YOUR TASK:
The expected output is exactly the lines below, starting at the line with "Administration ger visst" and ending at the line with "写真8 スローガン唱和", both included; no other line belongs in it.

*** RECORDS FOR THE EXERCISE ***

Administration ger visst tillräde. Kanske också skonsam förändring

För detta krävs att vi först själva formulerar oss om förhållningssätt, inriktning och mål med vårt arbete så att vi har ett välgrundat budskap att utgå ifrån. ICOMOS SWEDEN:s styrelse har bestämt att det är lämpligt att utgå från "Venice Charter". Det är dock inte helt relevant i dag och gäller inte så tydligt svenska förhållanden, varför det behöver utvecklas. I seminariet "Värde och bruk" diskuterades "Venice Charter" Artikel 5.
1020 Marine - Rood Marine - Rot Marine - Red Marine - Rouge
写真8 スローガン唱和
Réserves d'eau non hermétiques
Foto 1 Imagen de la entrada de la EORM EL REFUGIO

*** End of RECORDS FOR THE EXERCISE ***
*** RECORDS FOR THE EXERCISE ***

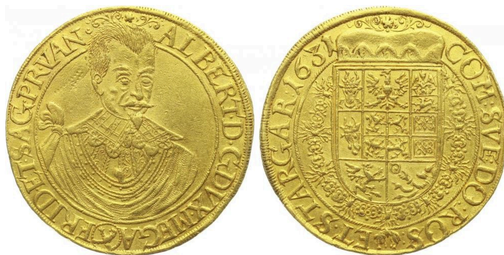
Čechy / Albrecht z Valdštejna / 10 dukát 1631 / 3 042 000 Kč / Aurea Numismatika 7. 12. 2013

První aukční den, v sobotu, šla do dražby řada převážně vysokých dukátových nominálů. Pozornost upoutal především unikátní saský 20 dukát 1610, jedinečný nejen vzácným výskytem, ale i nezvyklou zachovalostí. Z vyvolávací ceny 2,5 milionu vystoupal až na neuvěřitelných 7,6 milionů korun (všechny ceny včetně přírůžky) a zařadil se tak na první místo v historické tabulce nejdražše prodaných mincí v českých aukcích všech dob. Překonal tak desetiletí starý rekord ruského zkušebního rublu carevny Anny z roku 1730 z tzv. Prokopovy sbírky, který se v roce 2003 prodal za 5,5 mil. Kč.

*** End of RECORDS FOR THE EXERCISE ***

TASK RESULT:
Administration ger visst tillräde. Kanske också skonsam förändring

För detta krävs att vi först själva formulerar oss om förhållningssätt, inriktning och mål med vårt arbete så att vi har ett välgrundat budskap att utgå ifrån. ICOMOS SWEDEN:s styrelse har bestämt att det är lämpligt att utgå från "Venice Charter". Det är dock inte helt relevant i dag och gäller inte så tydligt svenska förhållanden, varför det behöver utvecklas. I seminariet "Värde och bruk" diskuterades "Venice Charter" Artikel 5.
1020 Marine - Rood Marine - Rot Marine - Red Marine - Rouge
写真8 スローガン唱和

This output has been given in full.